Sluggish sales since August 2007 appear to be rebounding, but the year-to-date number of units delivered remains down 60%.

Late last year, Brokenicky said, the downturn meant employee layoffs, hiring his wife to work without pay and dipping into personal resources to keep the company afloat.

In essence, he said, it was not a time to “sit back and lick our wounds, but to look at our product, and make it even better than it already was.”

On the assembly line, this philosophy has been like the glue applied to fiberglass after Gerald Lechner has finished laminating.

For 39 years, Lechner has performed this and other production tasks.

He has seen the industry pummeled by Desert Storm, by the 1973 oil embargo, and by the recession that caused Mobile Traveler to sell its assets in 1989 to Harold Johnson, who started New Horizons.

A high-end product sold to relatively wealthy people has little chance of being permanently devastated by this recession, said Lechner, who had been laid off in January for three weeks, called back for three weeks and then laid off an additional two weeks.

“If it happens again, I might be in a little more trouble.

She carried us through,” Lechner said, referring to his wife.

Layoffs were determined by which parts of the production line were not in need. Roger Wilcoxson, a Clay Center man who has worked at New Horizons for two years, remained on staff, working on the 2010 prototype that will be featured on the cover of Trailer Life magazine later this summer.

“It was pretty stressful for everybody, really. Stressful for all of us,” Wilcoxson said. “We all know that it could still happen again.” 

“It was scary when we were building the prototype, looking across the street and seeing the empty parking lot” at the call center, Wilcoxson said.

Consumer confidence has improved the odds at New Horizon, as has an employer’s commitment. “I’ve drawn very little salary for 16 or 17 months,” Brokenicky said, “because your family can’t survive if the company can’t survive.”

Near a conference room where the employees shared their experiences, scenic photos reminding customers of the views that await them hung in the lobby.

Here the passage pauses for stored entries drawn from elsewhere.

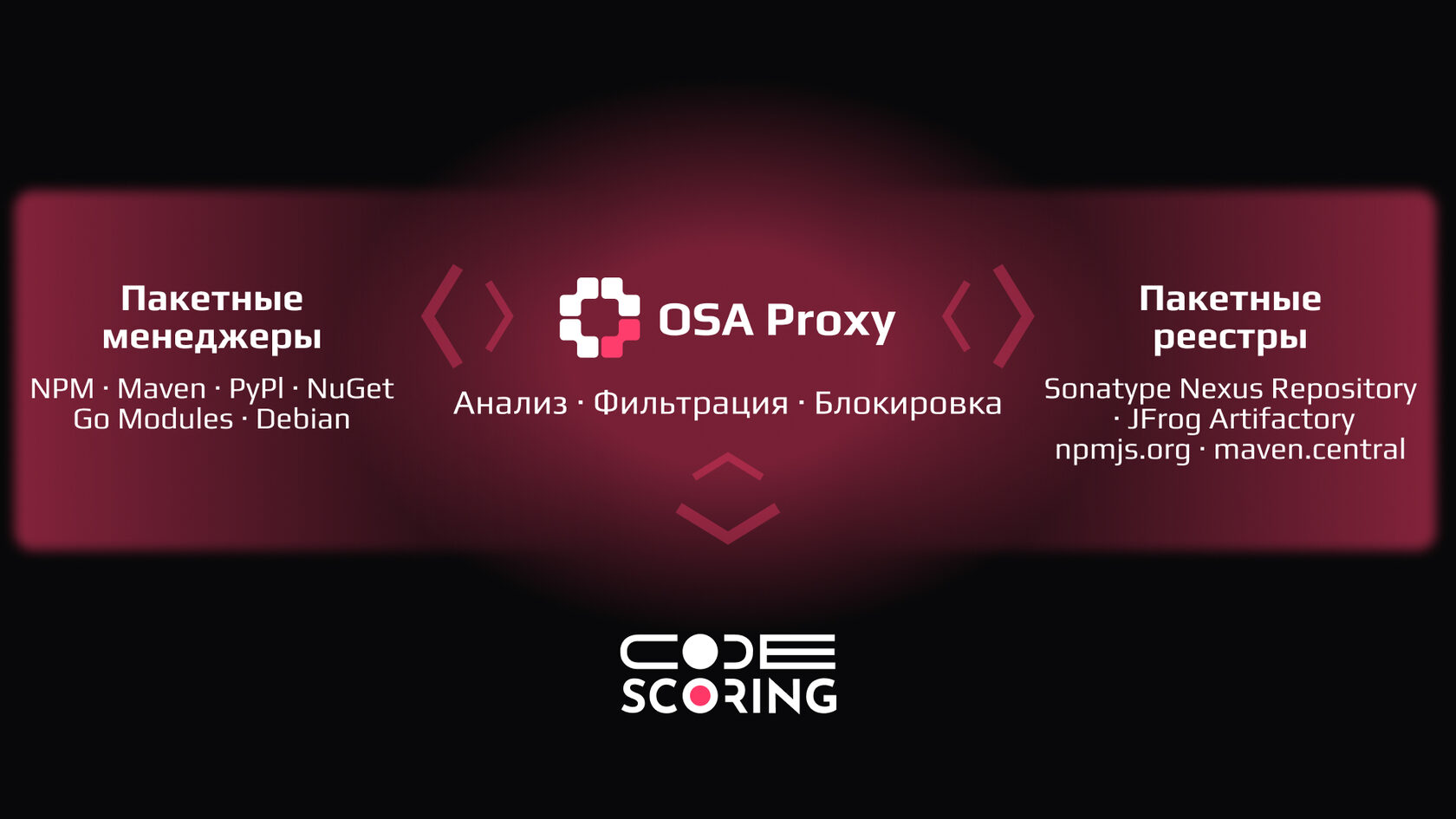 В модуле CodeScoring.OSA появился новый сервис – OSA Proxy. Он выступает посредником между пакетными менеджерами и их удалёнными репозиториями, автоматически проверяя пакеты и блокируя небезопасные версии в соответствии с политиками безопасности. Это позволяет внедрять модуль CodeScoring.OSA без привязки к хранилищам артефактов и гарантирует соблюдение требований безопасности при работе с внешними пакетными индексами.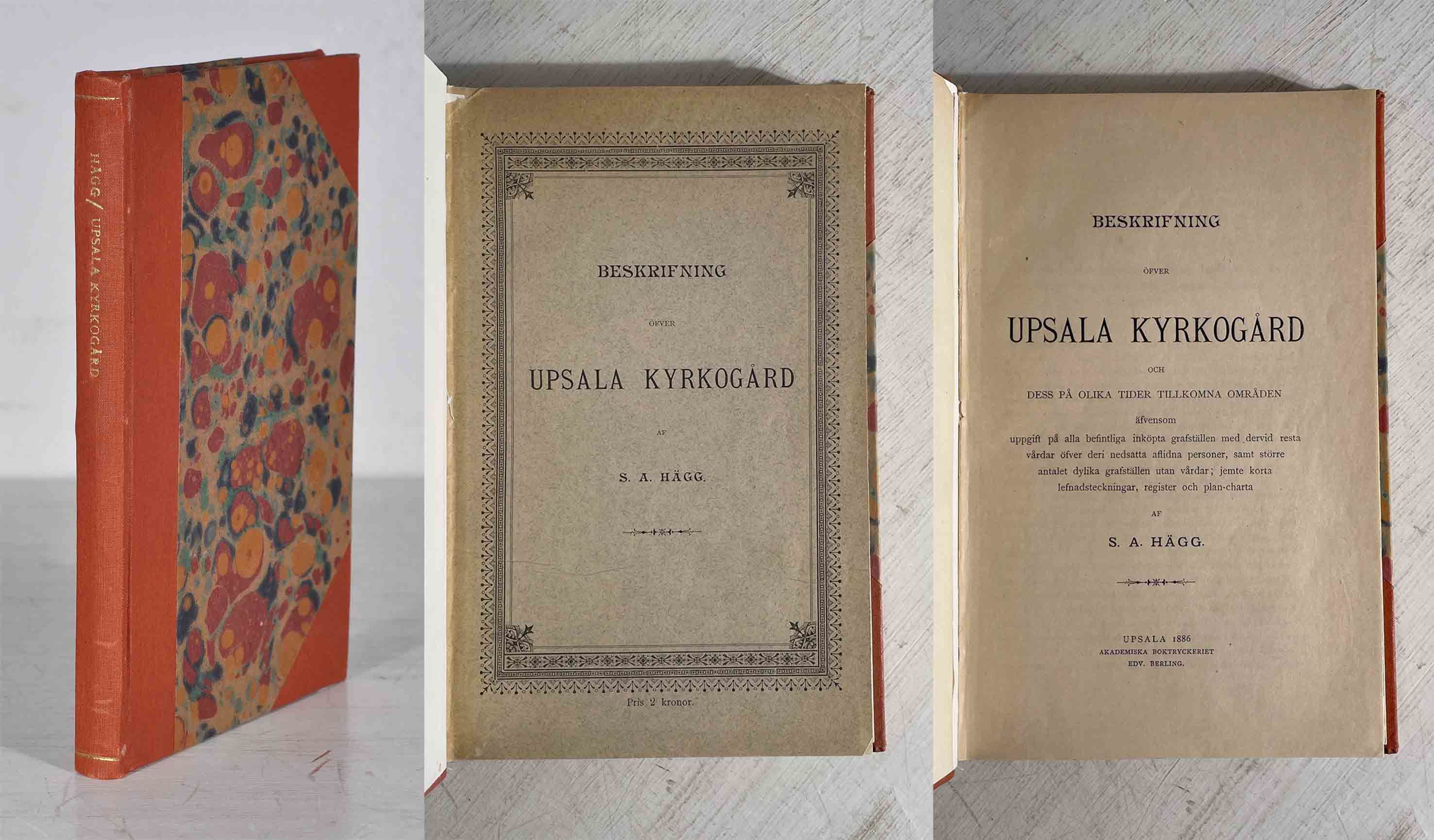 Beskrifning öfver Upsala kyrkogård och dess på olika tider tillkomna områden äfvensom uppgift på alla befintliga inköpta grafställen med dervid resta vårdar öfver deri nedsatta aflidna personer, samt större antalet dylika grafställen utan vårdar; jemte korta lefnadsteckningar, register och plan-charta.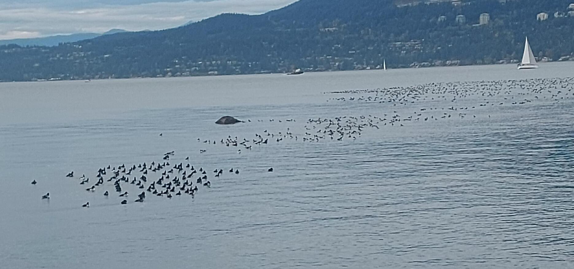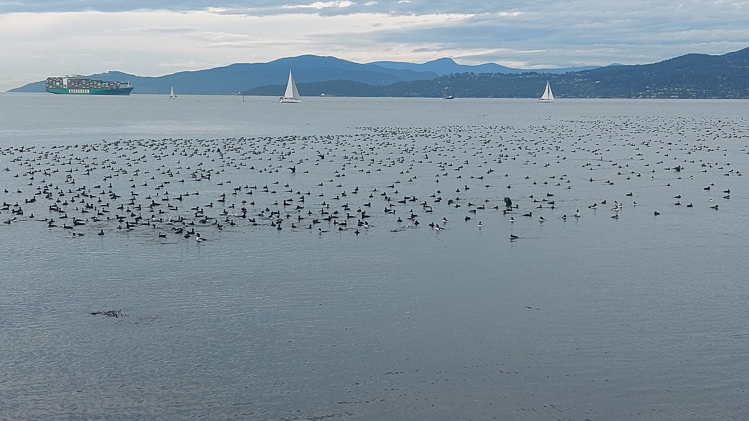 But Connie actually called me to come 'round the far west side of Stanley Park, on the Seawall, looking out towards Japan. There were a lot of people there with cameras, bewildered by a sight none of us had seen before, not in many years of Vancouver: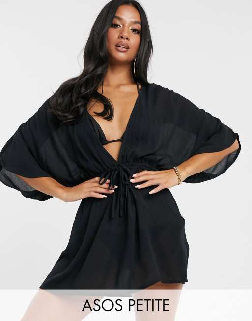 ASOS DESIGN PETITE - Copricostume in tessuto stropicciato nero con coulisse in vita e maniche drappeggiate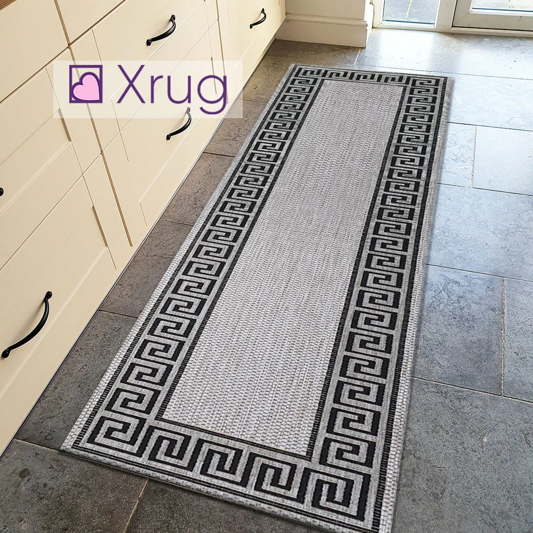 Xrugs Grey Rug Greek Key Style Pattern Jute Look Flat Weave Kitchen Small Large Runner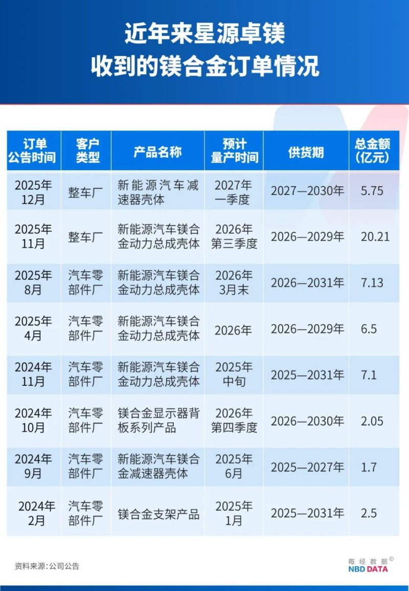 從白云石(一種以碳酸鈣鎂為主要成分的天然礦物)資源開采、冶煉提純、合金配方優化,到半固態成型等核心工藝,我國已經實現了全鏈條關鍵環節的自主可控,不存在被海外“卡脖子”的風險,供給穩定性和安全性極高。 這種全產業鏈的掌控力,意味著當汽車行業的需求爆發時,國內能夠迅速響應,形成規模效應,進一步鞏固成本優勢。“汽車行業是鎂合金的絕對消費主力,占比高達70%,主要用于儀表板支架、座椅骨架、方向盤等部件,正開辟全新的增長曲線。”廣西汽車集團方面稱。 面對這一歷史性機遇,國內產業鏈各環節的企業已開始加速布局。在上游,寶武鎂業已形成完整的產業鏈閉環。 五礦證券研報提到,截至2025年4月底,寶武鎂業擁有10萬噸原鎂產能及20萬噸鎂合金產能。另外,公司在周湖新建5萬噸原鎂產能,在五臺新建10萬噸原鎂和10萬噸鎂合金,在青陽新建25萬噸原鎂和30萬噸鎂合金產能。新建產能投入后,合計原鎂和鎂合金將會分別達到50萬噸和60萬噸。 在中游制造端,一批技術壁壘高、成長性強的企業正成為價值高地。星源卓鎂深耕高端鎂鋁壓鑄領域,其產品已應用于寶馬、奧迪、保時捷、蔚來等多個品牌。春秋電子則從消費電子結構件領域跨界而來,憑借在鎂鋁結構件加工精度、速度和良率上的優勢,已切入小米、蔚來、小鵬、比亞迪等車企的供應鏈。 東興證券在其研報中預測,全球汽車行業鎂合金需求將從2025年的42.1萬噸增長至2028年的106.1萬噸,年均復合增長率高達36%。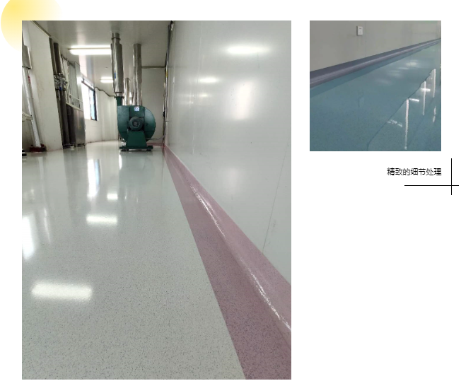 其破壁车间地坪工程打造出简洁的即视感,搭配浅暖色调的圆弧角工艺,加上各种边角的细节处理,简洁中又给予人温馨的感受,最终达成完美的成品效果。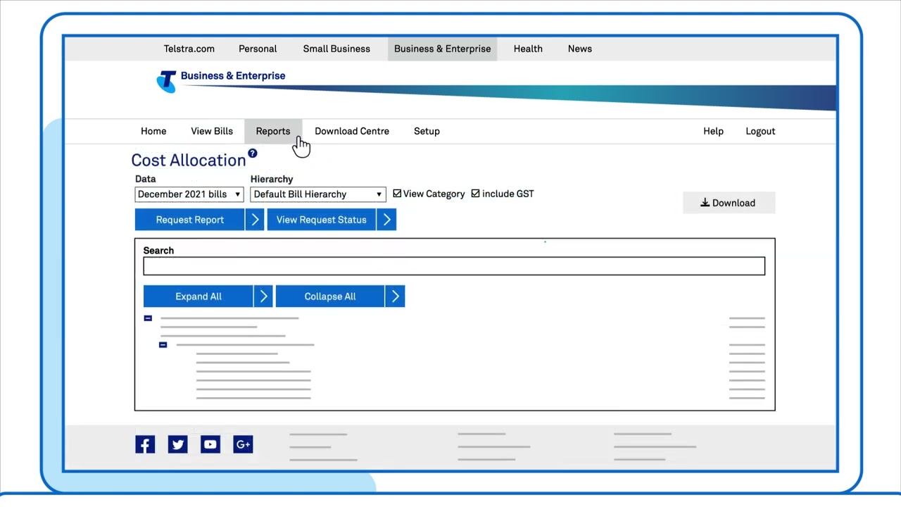 Underneath that you’ll find quick links to common activities: latest invoices, customised reports, allocate services and a quick link to Telstra Connect.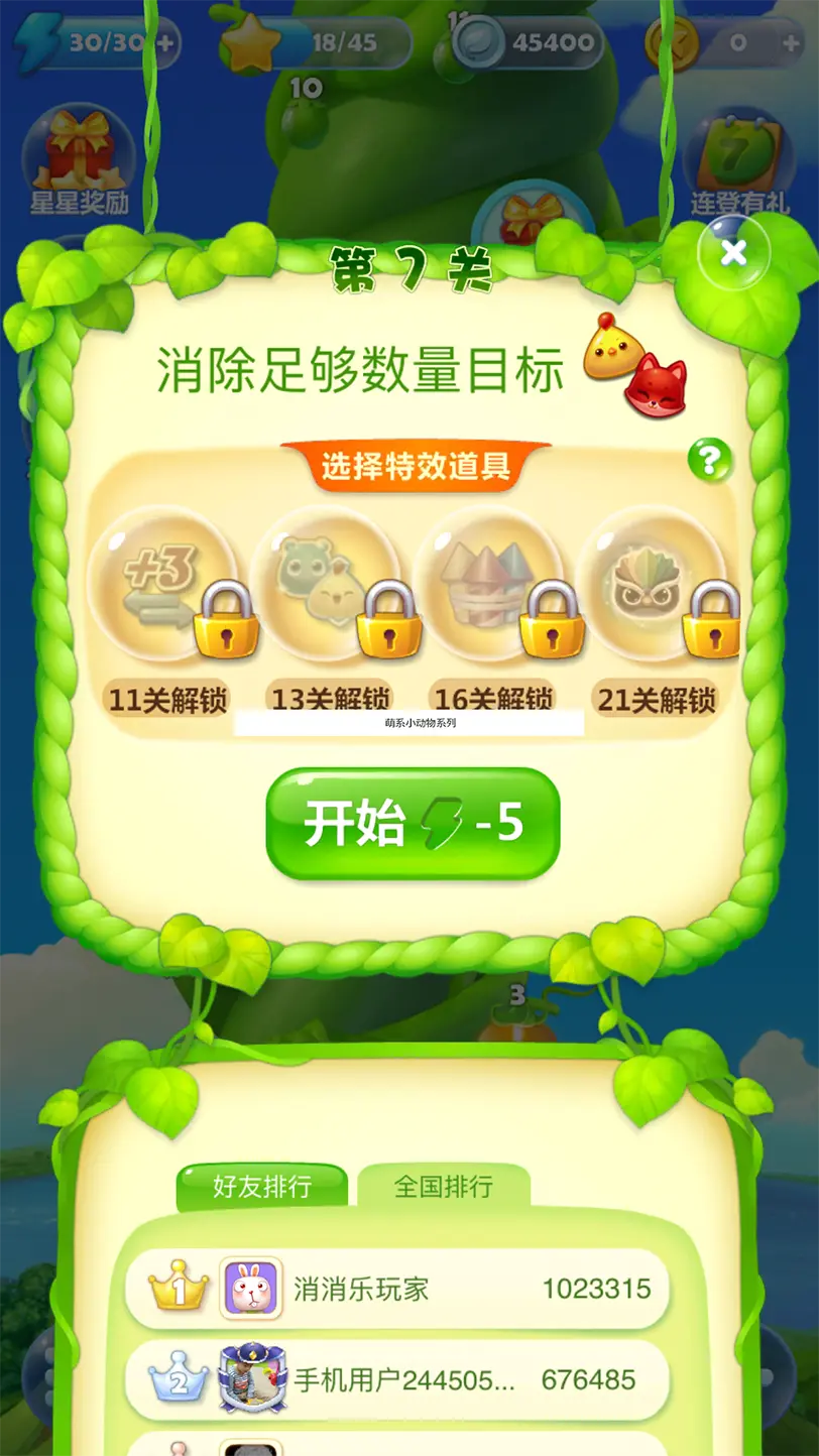视觉层次的循序展现:装饰性叶子的视觉感与关卡标题平级。

“If somebody finds themselves out of employment, and things are looking gloomy, even if you have kids, I would say to not stress about it all the time,” Fore said. “Find a way to enjoy the weather, enjoy the sun,” he added, beads of sweat touching his brow as he paused from production.

“Things will work out – and usually when you least expect. Things do happen, the bad times do come to an end. You have to believe that.”